The overwhelming amount of such transactions are legitimate and business-critical ones and are to be processed efficiently. However, some of those are not legitimate or “normal”. Those anomalous ones signify either fraud attempts, exceptions and errors, or radical changes of behavior. All those are of business interest and may necessitate action. Given the huge amount of data (usually contained in logs), an automatic anomaly detection turns out to be a critical business capability. While such systems are not uncommon, their performance is often sub-par. In general, there are four approaches which may be of different utility, given the specific data and use case:

  • Rule-based
  • Supervised Learning
  • Unsupervised Learning
  • Ensemble Models


Rule-based approaches are probably the oldest and time-proof ones. They consist of defining certain rules and label actions that do not match them as anomalous and potentially worth checking. For example, if a credit card transaction is more than ten times larger than the average for this customer, a notification is given. Rules vary from the traditional statistical ones (e.g. flag all transactions larger than 3 standard deviations from the mean as suspect) to business rules (block credit card after three wrong PINs are entered consecutively). This group of rules is most flexible and allow the human experts to apply their subject matter expertise, but is also most difficult and time-consuming to implement well as it includes the painstaking definition of every single rule for anomaly possible. Needless to say, if experts make an omission, undetected anomalies will happen and nobody will suspect it.
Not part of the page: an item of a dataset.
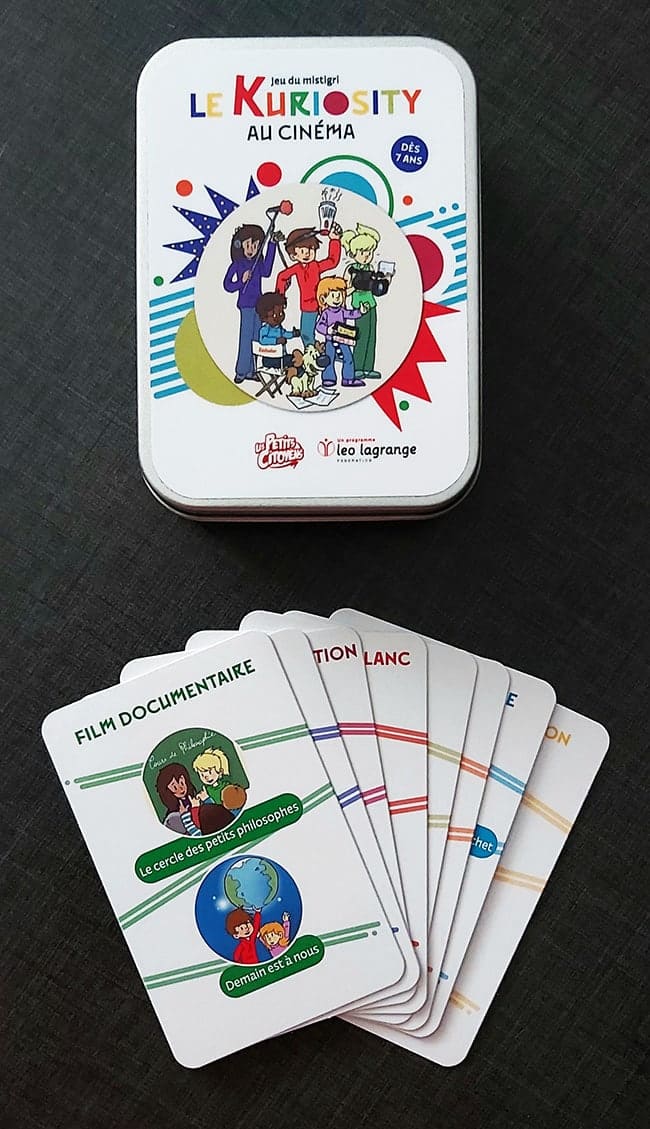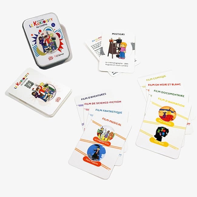Le Kuriosity au cinéma est un jeu du mistigri. Les enfants partent à la découverte du 7e art. En famille ou avec leurs copains, ils découvriront des films de toutes les époques, de 1928 à 2020 et de différents genres cinématographiques : en noir blanc, fantastique, comique, documentaire, musical, d’animation, d’aventures et de science-fiction. Vous pourrez visualiser les bandes annonces ou extraits de films grâce à un QR code se trouvant au dos de chaque carte. Un jeu pour partager son amour et ses connaissances du 7e art avec ses enfants.

Supervised Learning approaches tend to use machine learning for detecting anomalous and potentially fraudulent behavior. Essentially a database with labeled transactions (normal/fraud) is utilized and an appropriate algorithm (such as neural networks, k Nearest Neighbors or Support Vector Machine) is used to create a statistical model distinguishing between normal and fraud. As new transactions come in, the model classifies them. If this transactions is suspect, then a notification is thrown. This class of models seem to work reasonably well but come with two major drawbacks. First, the data with labels is often unavailable. Even when it is available, its accuracy is not guaranteed: some undetected fraud is labeled as legitimate action. Second, some of these algorithms are computationally very intensive, especially during the time of model training and those resources need to be provisioned for.

Unsupervised Learning approaches also take advantage of recent advances in machine learning and leverage large amounts of data. However, they do not need labels for each transaction. They assume that the fraudulent events are a tiny percentage of all and try to create a model of normal behavior. As new events come in, they are compared against “normal” behavior and if the difference is large enough, then they are labeled as anomalous. Standard models here range from the simple k-Means clustering to more involved Principal Component Analysis, One-class Support Vector Machines or time-series methods such as ARIMA. The key advantage of these approaches is that they can mine a huge amount of data with no previous knowledge of what events are frauds and can act independent of human judgment. In addition to that they are generally more light-weight during model building but may be more computationally expensive during testing.

Ensemble (hybrid) models try to take the best of all worlds. They combine different algorithms to achieve greater accuracy of anomaly detection. It has long been established in the statistics and machine-learning communities that the combination of different algorithms tends to produce superior results. It is no surprise then that state-of-the-art fraud detection hinges on an ensemble of different approaches. For example, we at LogSentinel combine unsupervised learning with rule-based fraud detection to merge the power of machine learning with the versatility of domain expertise. The key intuition behind using ensemble models is that each algorithm captures best few of the key features of data. Combining a number of different algorithms thus gives a more comprehensive view of the data at hand. The main advantage of ensemble models is their improved accuracy but this comes at an increased computation cost and less intuitive interpretation.


New trends in operations and risk management place greater and greater reliance on data-driven decision-making. The capability to automatically review all activity in your organization and flag those instances that merit attention is crucial. This is especially true in the case of fraud or exception detection which have a bearing on the firm’s bottom line. The trend is also reflected in recent regulation as the Second Payment Services Directive (PSD2) and its associated guidelines which explicitly ask for payment operators to have a couple of simultaneously operating fraud detection systems. Even without regulation, businesses are well advised to vigilantly keep track of anomalous behavior and take corrective action if they truly mean to achieve operational excellence.